Month of Prayer and Giving Day 10 – Holding on with their eye-lashes

Holding on with their eye-lashes

In November 1862 eighteen-year-old Archibald Brown took up the leadership of a small cause in Bromley, Kent. He had a congregation of 18 on the first Sunday. Only 12 returned the second week. Progress continued in the same direction when on the third week only six showed up. It couldn’t get much worse!

When he reported to C.H. Spurgeon about his disappointing start and the dismal prospects for the work, Spurgeon famously replied with these words: “Hold on with your teeth, and if you cannot hold on with your teeth, hold on with your eye-lashes – but hold on somehow!”

By God’s grace, Brown did hold on. The tide turned and by the next year a church was formed with 20 members including a number of new converts.

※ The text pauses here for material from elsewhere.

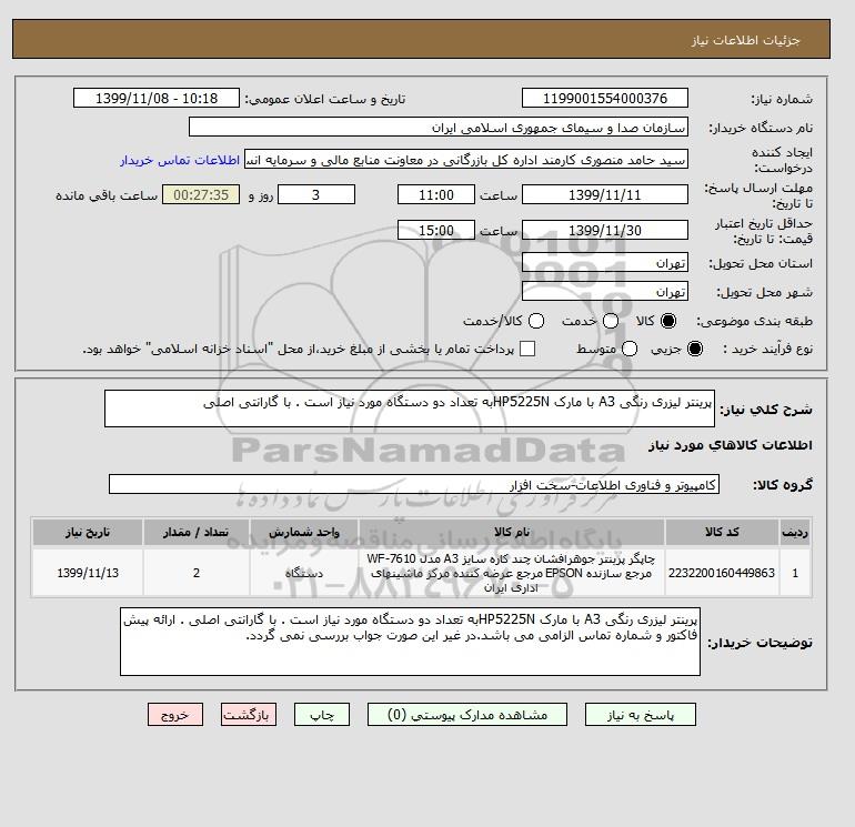 شرح کلی نیاز: پرینتر لیزری رنگی A3 با مارک HP5225Nبه تعداد دو دستگاه مورد نیاز است . با گارانتی اصلی

Some of the men we support – young and old alike – are holding on with their eye-lashes. Some of them have faced perplexing difficulties in their churches. Some of them have experienced heart-breaking disappointments in their homes. Some of them have faced ill health themselves or in their immediate families. Some of them consistently have more month at the end of the money. All of them have known the reality of intense spiritual warfare.

How should the rest of us respond? I can answer no better than Mr. Spurgeon did on another occasion.

“We honour the men who, subsisting on scanty and humble fare, battling with adversity, and living down prejudice, are seeking to the best of their ability to plant new churches in apparently unhopeful districts. With the accent of conviction on their lips, the truth of God in their hearts, and undying perseverance leading them on, they must succeed in breaking the dreary monotony of a sinful village life. Their preaching may not please the highly cultured; their methods of working may not suit this decorous age; their unambitious lives may fall flat upon the feverish world; but their faithfulness to God, and persistency in his service, shall be rewarded with the divine “Well done, good and faithful.” We know no greater heroes than these sufferers of contumely and hatred, who so gloriously bear up and strike dismay into the enemy’s camp. Their imperfections are not worthy to be weighed with their virtues. If England is to be evangelised, it must be by such men. Fit them, train them to as great a degree of perfection as mortal man can bear — no standard is too high for God’s ministers but let not culture destroy Christian simplicity (it does not in the truly great); let not learning quench earnestness and enthusiasm; let not supercilious affectation snub them, or selfishness despise them. A future generation may be proud of men who today are but lightly esteemed.”

Will you pray that God will give us the wisdom to honour such men not just in past history but in present ministry as well?

Will you ask God what you can do to lighten their load and to encourage their hearts?